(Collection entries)
==============================

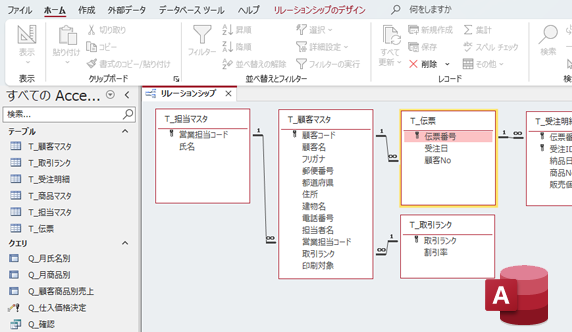 テーブルやクエリ、フォーム、レポートといった基本操作から、リレーションシップ設定や条件抽出、
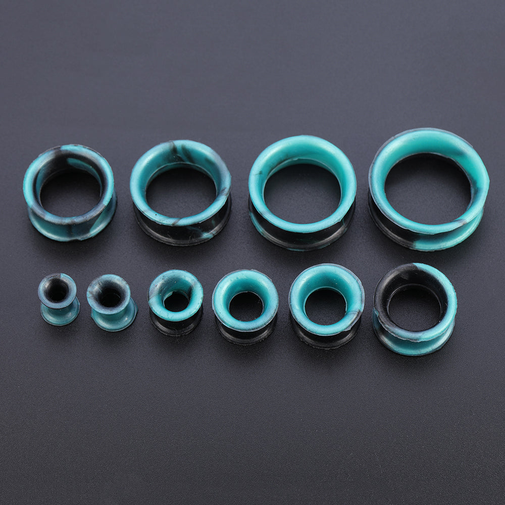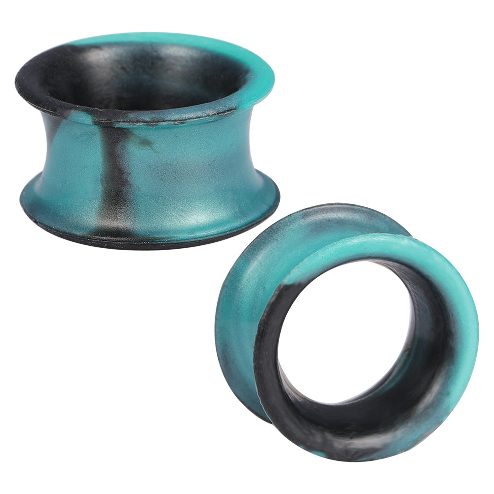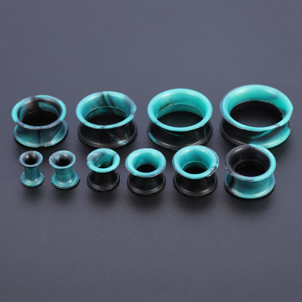 5-22mm Thin Silicone Flexible Dark Green Black Ear Tunnels Double Flared Expander Ear Gauges
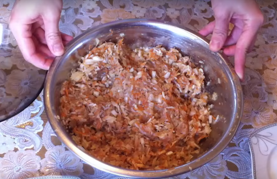 Фарш готовится в точности так же, как и в первом рецепте «вкуснейшие голубцы».
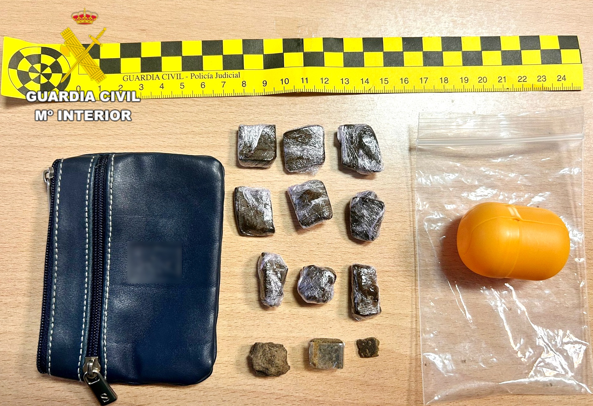 Fue identificado y registrado y se encontraron en el interior de su cartera 12 trozos de hachís envueltos en plástico transparente, preparados para su presunta distribución al menudeo, que le fueron intervenidos.
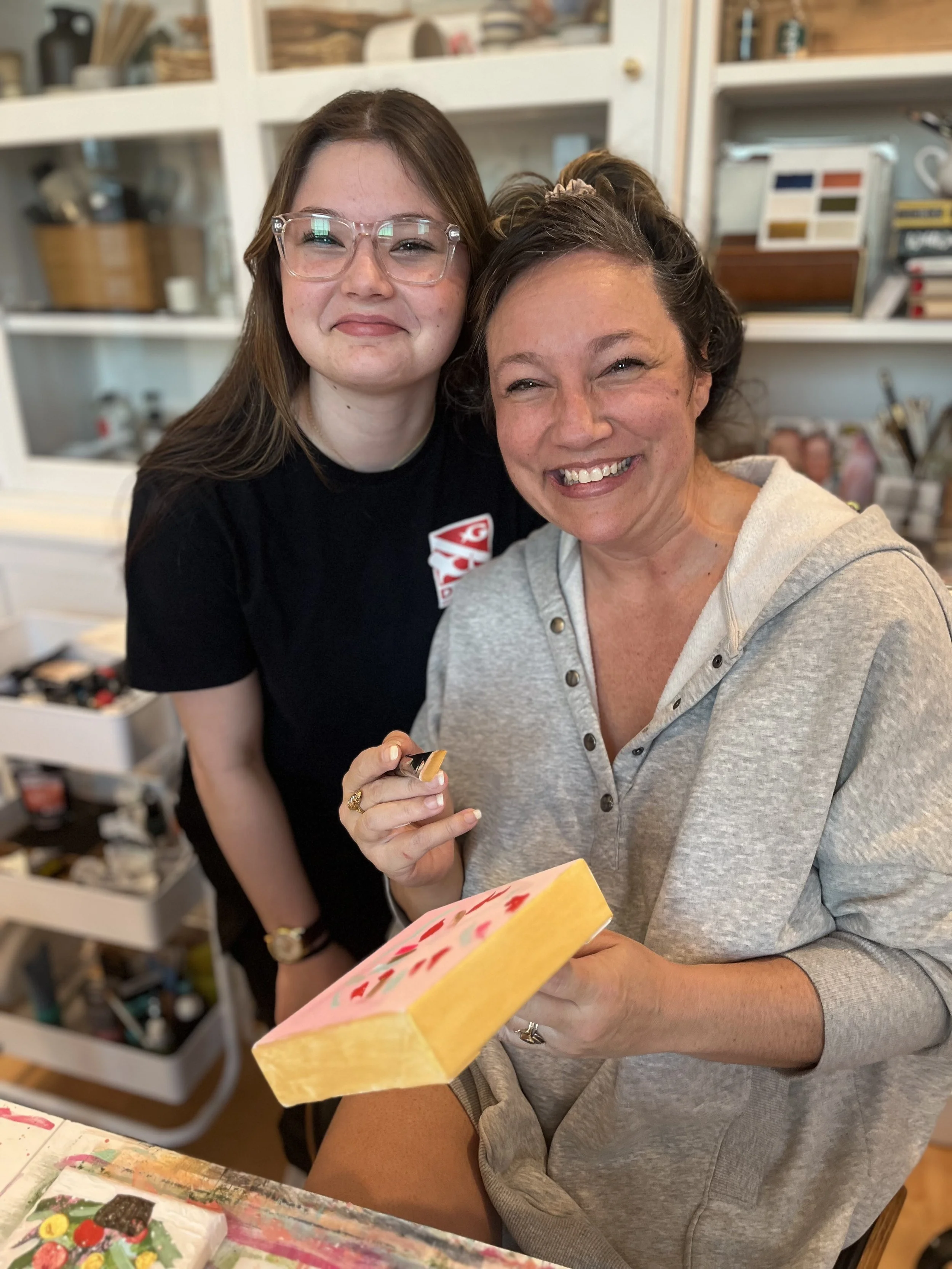 me, painting a beginning to a holiday canvas with my girl. also noteworthy: taken by my very best friend to document a piece of this year.

==============================

How to complete this task >>
Pictures stay out, and every line of the records is transcribed exactly.

Task answer >>
 テーブルやクエリ、フォーム、レポートといった基本操作から、リレーションシップ設定や条件抽出、
 5-22mm Thin Silicone Flexible Dark Green Black Ear Tunnels Double Flared Expander Ear Gauges
 Фарш готовится в точности так же, как и в первом рецепте «вкуснейшие голубцы».
 Fue identificado y registrado y se encontraron en el interior de su cartera 12 trozos de hachís envueltos en plástico transparente, preparados para su presunta distribución al menudeo, que le fueron intervenidos.
 me, painting a beginning to a holiday canvas with my girl. also noteworthy: taken by my very best friend to document a piece of this year.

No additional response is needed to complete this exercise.